The orchestration frameworks will get better. The agents will get smarter. The context windows will get bigger. Eventually, some of those decision points will be safe to automate. But the path to get there runs through manual orchestration first -- testing, iterating, learning what works, then productionizing.
The engineer who knows how to scope an agent, design a prompt, draw the right boundaries, and keep themselves in the loop as the orchestrator -- that's the engineer who ships.
This entire content process -- from video to blog post, LinkedIn post, images, and published to Webflow -- used to take me days. Now I can crank out content in a fraction of the time. That's the compounding effect of building the system right.
Build the team. Stay in the suit. Productionize later.
Watch the full video series:
- AI Orchestration - Build -- Designing the agents, skills, and architecture
- AI Orchestration - Deploy -- Putting it all together with LinkedIn, Webflow, and image generation
- AI Orchestration - Prove -- The results: real traction from AI-generated content
Coming up next: In the build-in-public series, I'll be tackling the next frontier -- building an AI video editor. And in the code series, we'll dive deep into the anatomy of an agent.md -- what goes into one, how to structure it, and what makes the difference between an agent that works and one that fights you.
Key Takeaways
- Agents are prompts + permissions + tools + model selection -- not just prompts. The architecture choice between agents and skills maps to real system design principles (stateful services vs pure functions).

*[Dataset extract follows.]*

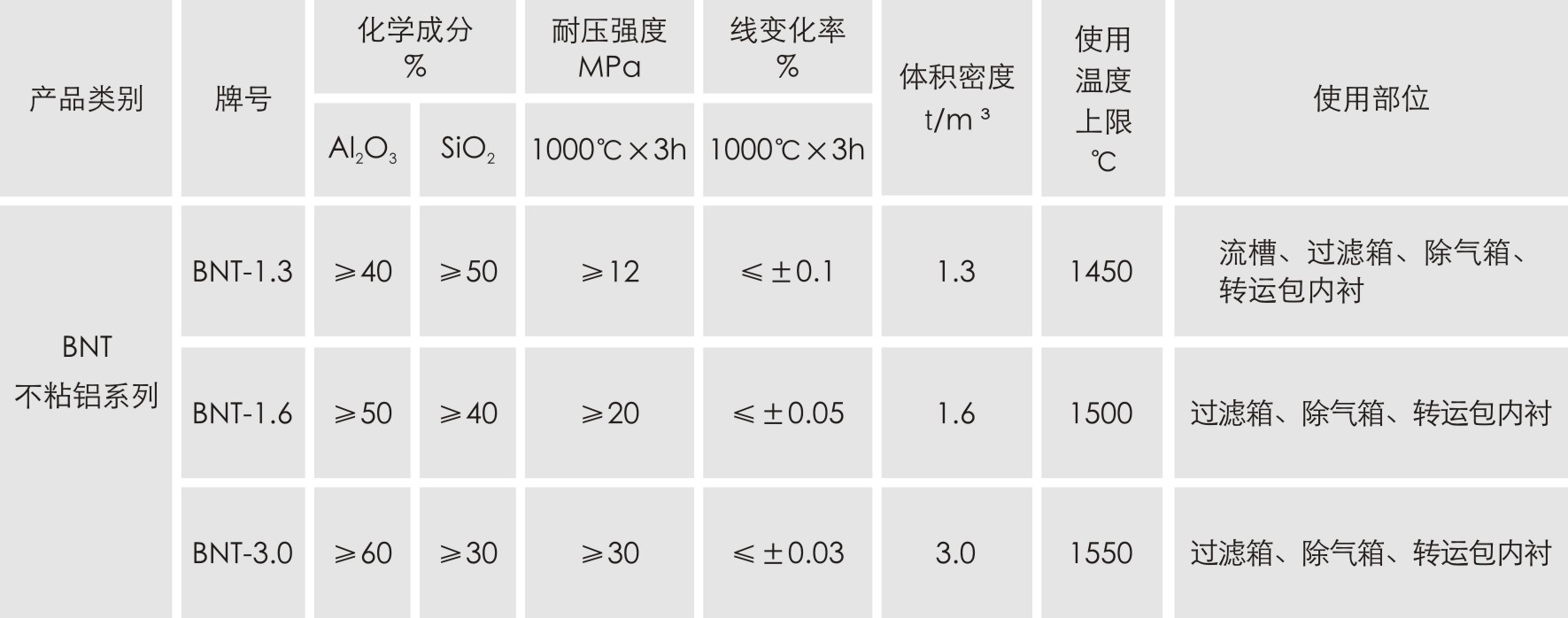 主要特性:不粘鋁,不污染鋁液;

- The most valuable part of building agents is codifying tacit knowledge -- writing the prompt forces you to articulate your process, voice, and standards in ways you've never made explicit.
- Start with manual orchestration, productionize later -- use Claude Code as your orchestration layer to test and iterate the flow. Move to LangChain/CrewAI once you've locked in what works.
- Agent definitions must be iterative -- new models change behavior, so treat your
agent.mdfiles as living documents that need regular maintenance. - Expect orchestration friction -- agents forget to call each other, try to use tools directly, and get confused about abstraction layers. It works, but stay close to it.
- Two days of agent building beat weeks of hiring -- but the real win is having a repeatable, improvable system that compounds over time.